The body of the text was actually 'Bon Voyage' as well which just sounds more ****ish to me lol.


----------



## G.J. (Nov 4, 2014)

You feel uncomfortable with it........end of

You wouldnt have posted otherwise


----------



## GusPolinski (Jan 21, 2014)

I work on a team of four people. My team lead is female. The other three of us sit in close proximity to each other one row over from our team lead and, prior to a few weeks ago, my cube was directly adjacent to my team lead's. We see each other and talk w/ each other throughout the day every day. Additionally, all four of us meet for a 60-90 minute meeting once a week, and that's in addition to the larger 60-90 minute weekly team meeting that we have w/ our manager and other teams.

PTO/vacation is one of the most-often discussed items at each of these meetings. It starts off by discussing logistics, and mostly in order to ensure that coverage will be there, that on call rotations will be covered, etc, and then progresses from there... "You're off week after next? Cool... where are you going? Oh wow, that sounds awesome. Have a blast!" Additionally, it's not unusual that someone will send someone else a last-minute "Have fun! Stay safe! Take lots of pics!"-type text when we know that someone happens to be at the airport or getting ready to leave the house.

So, again, this in and of itself probably isn't a big deal.

That said, did you ever get any sort of answers w/ respect to the bruising that you happened to see on your wife?


----------



## G.J. (Nov 4, 2014)

Bruising...i love it when theres background and the OP gives no hint

Note to self
Check any other threads by OP


----------



## Redflagcity (Jul 26, 2015)

the timing (taxiing to runway) more than anything struck me as odd but that obviously could have been totally random. Gotta love text messaging...


----------



## Redflagcity (Jul 26, 2015)

I try not to steer these questions and get honest opinions is why I'm not providing additional details, beliefs, etc


----------



## Marc878 (Aug 26, 2015)

Obviously it's bothering you. Check it out. There are all sorts of info on how here.


----------



## GusPolinski (Jan 21, 2014)

Redflagcity said:


> I try not to steer these questions and get honest opinions is why I'm not providing additional details, beliefs, etc



Ehhh... the other details could be important.

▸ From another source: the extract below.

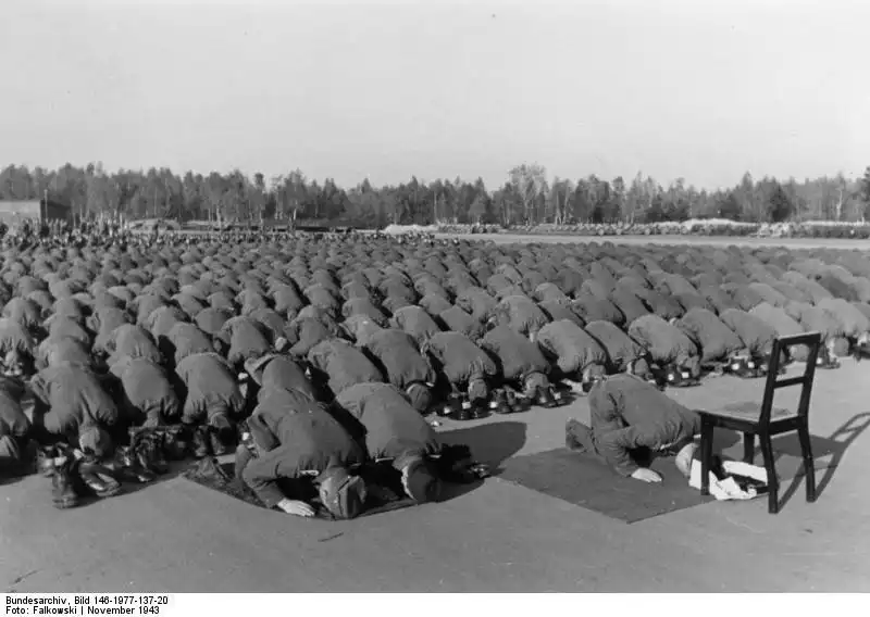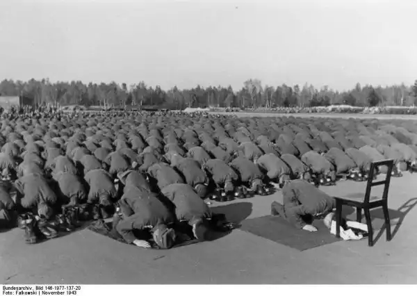 23. Бойцы мусульманской дивизии СС совершают молитву, ноябрь 1943 года.

Asking someone for his or her opinion on each little thing by itself isn't likely to yield much, but everything taken together could very well paint a very different picture.


----------



## Ceegee (Sep 9, 2012)

GusPolinski said:


> I work on a team of four people. My team lead is female. The other three of us sit in close proximity to each other one row over from our team lead and, prior to a few weeks ago, my cube was directly adjacent to my team lead's. We see each other and talk w/ each other throughout the day every day. Additionally, all four of us meet for a 60-90 minute meeting once a week, and that's in addition to the larger 60-90 minute weekly team meeting that we have w/ our manager and other teams.
> 
> 
> 
> ...



My XW worked on steam such as this. 

Made it easy to get away with an A for 2-3 years before I began to question it. 

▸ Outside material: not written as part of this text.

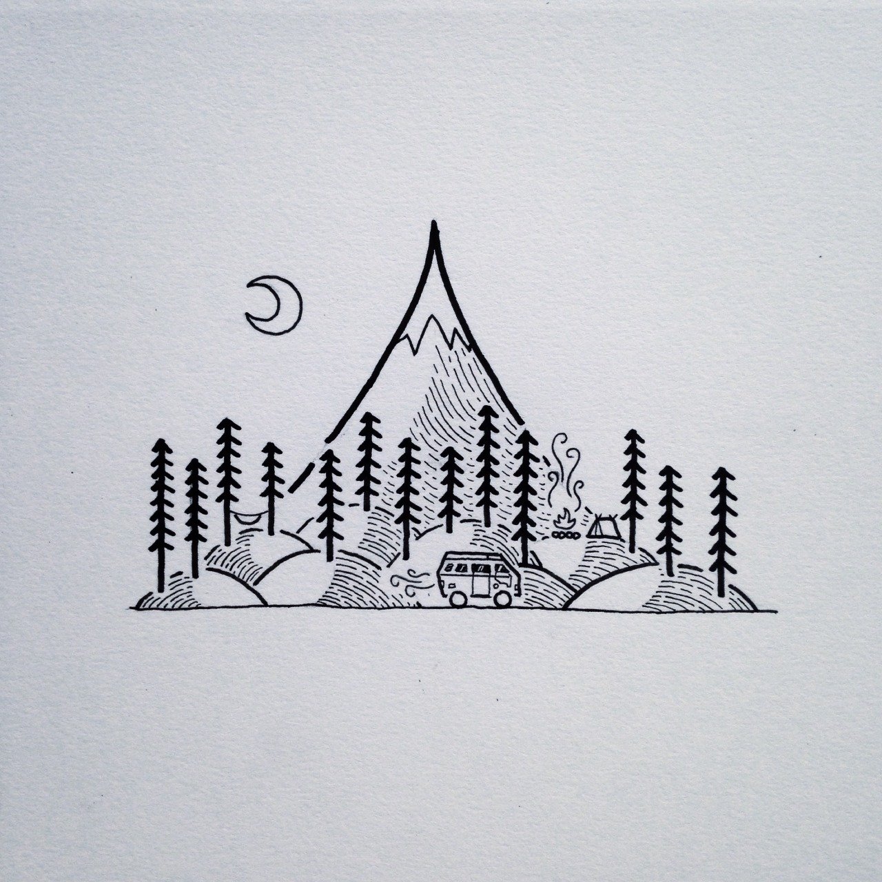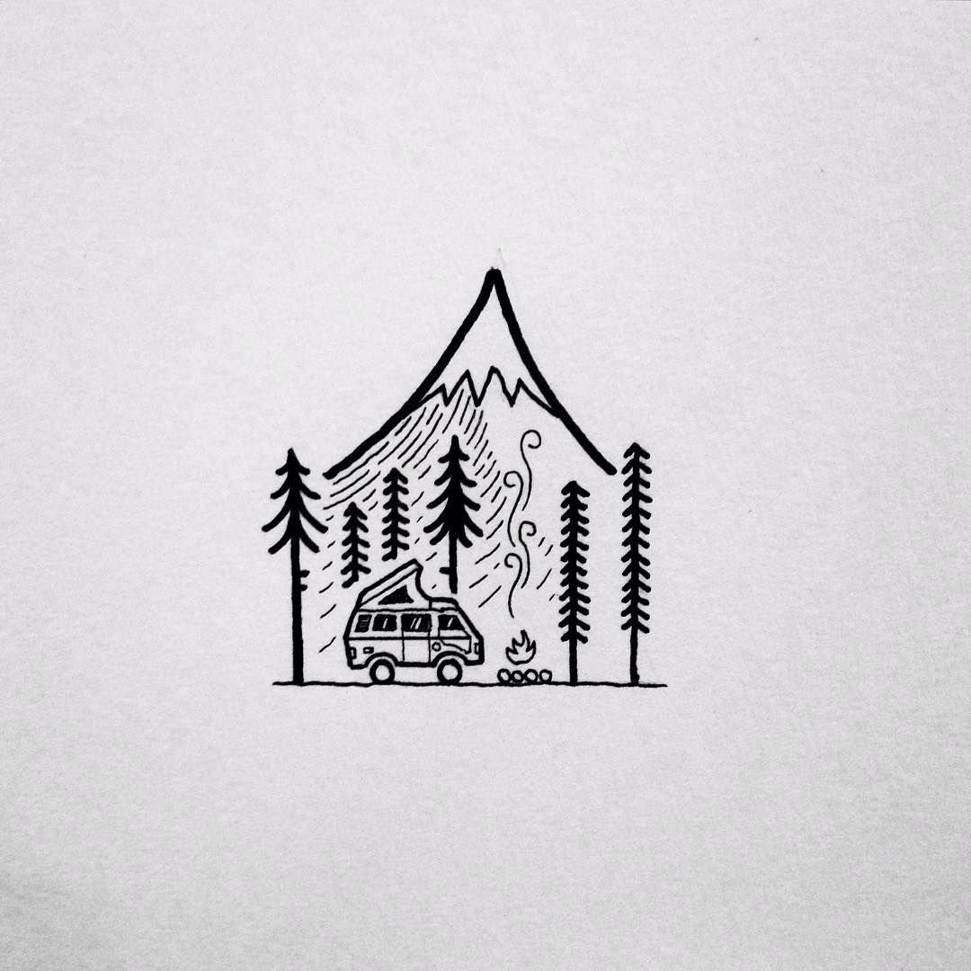 ![Эскиз домик в лесу Минимализм]()

The questioning made her defensive. 

She divorced me over it. 

She was still dating him up to a couple of months ago. 

Oh yeah, caused OM to divorce his wife too. She knew way before I did. 

In retrospect, I would not have confronted but done more undercover snooping. 

In short, don't just sweep it under the rug.


----------



## Luxey (Jun 5, 2015)

Are her colleagues a sort of close-knit type office? If so, it's _probably _nothing. Even if it's nothing, she's oversharing, IMO.

I agree with the people urging you to snoop though.


----------



## richardsharpe (Jul 8, 2014)

Good evening
sounds normal to me.


----------



## Luxey (Jun 5, 2015)

Redflagcity said:


> I try not to steer these questions and get honest opinions is why I'm not providing additional details, beliefs, etc


I see. Well, the text itself seems fairly innocuous.

It's not like he called her a pet name, or said he'd miss her.


----------



## tech-novelist (May 15, 2014)

Perhaps you should find a way to measure his hands. >


----------



## destroyd (Feb 20, 2015)

I agree with most- it could be nothing. BUT- it could be something also. My wife worked in a close knit administrative office group. I trusted her completely, and overlooked things like what you are talking about- and like another poster wrote above, she was so far gone by the time I seriously started snooping that she really didnt give a **** anymore. She was leading two lives for around 8 months and I really had no clue- if anything, things between us were in general very smooth during her affair. We're trying to R, but its not looking good. If I were you, I'd snoop. Hard. If for nothing else than to get some piece of mind.


----------



## GROUNDPOUNDER (Mar 8, 2013)

The little bit of extra info of she got the text while the plane was taxiing down the runway makes me wonder a little more... Wonder if there is more.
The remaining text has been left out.